Ongoing research at LUCSUS is studying how climate change, both extreme events such as droughts, floods and frosts, and slow-onset effects such as shifting seasonality of production, are impacting the livelihoods of migrant farm workers, with a focus on Turkey and Colombia. Typically, migrant farm workers are among the poorest in the labour market. They are conflict- and displaced people, minorities, children and women, who are marginalised and vulnerable to human rights violations. Often they work in export-oriented agriculture.
"Even though we are dependent on migrant farm workers for our morning coffee, for our glass of wine, for fresh vegetables, and for fruit that we can access all year round, very little research has focused on how they experience climate change beyond climate change extremes," says Sinem Kavak, researcher at Lund University Centre for Sustainability Studies, LUCSUS.
She and her colleagues are exploring climate change as a systemic disruptor to migration routes connected to labour-intensive seasons, in particular hazelnuts in Turkey and coffee in Colombia. The research takes a systemic approach, combining remote sensing with rigorous field-level data collection and value chain analysis. By combining a commodity focus with a political economy approach, they study global trade, governance and responsible consumption through a climate change lens in their analyses of the daily experiences of migrant workers.
Harvest seasons have changed since research began
Since they started the research in 2022, Sinem Kavak and her colleagues have identified a number of salient findings. One is that many migrant farm workers, especially in Turkey, highlight how the harvest season has significantly changed for key commodities across different regions, including hazelnuts. For example, crops either ripen earlier or later, get destroyed by frost or rain, wilt in the heat, or are attacked by pests such as the brown marmorated stink bug, which destroys the hazelnut from within. In 2025, agricultural frost destroyed almost 40% of the hazelnut harvest, seriously declining what an average farm worker family would earn from hazelnut picking.
"What we observe in Turkey is a deepening of poverty and deprivation," says Kavak.
After more than a decade studying migrant farm labour in Turkey, she notes that this year’s crisis revealed something she has not witnessed before: families struggling to meet even their most basic needs, like access to clean drinking water and sanitation.
Consequences are felt on many levels
In Turkey and many other countries, migrant farm workers would typically follow the harvest season for different crops, moving with their families from place to place before returning home, if they can, when the harvest is over.
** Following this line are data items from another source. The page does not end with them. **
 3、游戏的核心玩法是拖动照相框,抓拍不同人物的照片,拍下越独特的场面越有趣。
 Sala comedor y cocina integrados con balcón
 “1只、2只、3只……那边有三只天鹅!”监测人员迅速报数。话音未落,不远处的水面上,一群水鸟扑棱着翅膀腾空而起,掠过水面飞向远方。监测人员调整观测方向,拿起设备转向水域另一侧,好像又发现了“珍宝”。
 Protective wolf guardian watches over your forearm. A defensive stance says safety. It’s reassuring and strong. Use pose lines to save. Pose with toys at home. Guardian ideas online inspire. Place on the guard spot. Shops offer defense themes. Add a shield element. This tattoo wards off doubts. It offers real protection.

Farm workers feel the consequences of climate change on many levels: one is the physical impacts of extreme weather, such as heatwaves or floods, where many farm workers experience heatstroke, or whereby their tents get destroyed, leaving them exposed to harsh weather, poor living conditions and sanitation. The other is the impact on livelihoods; with crop failures and changes in harvest seasons, they are less able to plan their movement between areas to harvest crops. The climate also impacts the amount of produce they can collect per day. If the harvest is bad and, for example, coffee beans are smaller and lighter than usual, they must devote more hours to picking one kilogram.
"Our obsession with commodities obscures labour relations and socio-economic consequences for the migrant farmworkers, the light infantry of global food systems," states Kavak.
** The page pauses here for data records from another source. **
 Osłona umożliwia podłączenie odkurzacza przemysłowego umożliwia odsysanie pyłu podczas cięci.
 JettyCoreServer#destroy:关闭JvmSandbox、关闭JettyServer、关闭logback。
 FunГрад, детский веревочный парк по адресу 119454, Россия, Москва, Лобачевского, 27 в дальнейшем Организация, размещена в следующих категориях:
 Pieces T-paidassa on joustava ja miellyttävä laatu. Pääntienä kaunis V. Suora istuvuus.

She emphasises that mapping how climate change impacts farm workers on different levels is key to producing solutions for how to support them. This is a group that is extremely vulnerable worldwide, but yet the whole agricultural system is dependent on.
"Up to now, this group has been sidelined in climate justice and just transition debates. It is imperative that we not only highlight how they are impacted, but also create knowledge on how to help build climate and social justice for these groups, a major objective of the ongoing research project," says Kavak.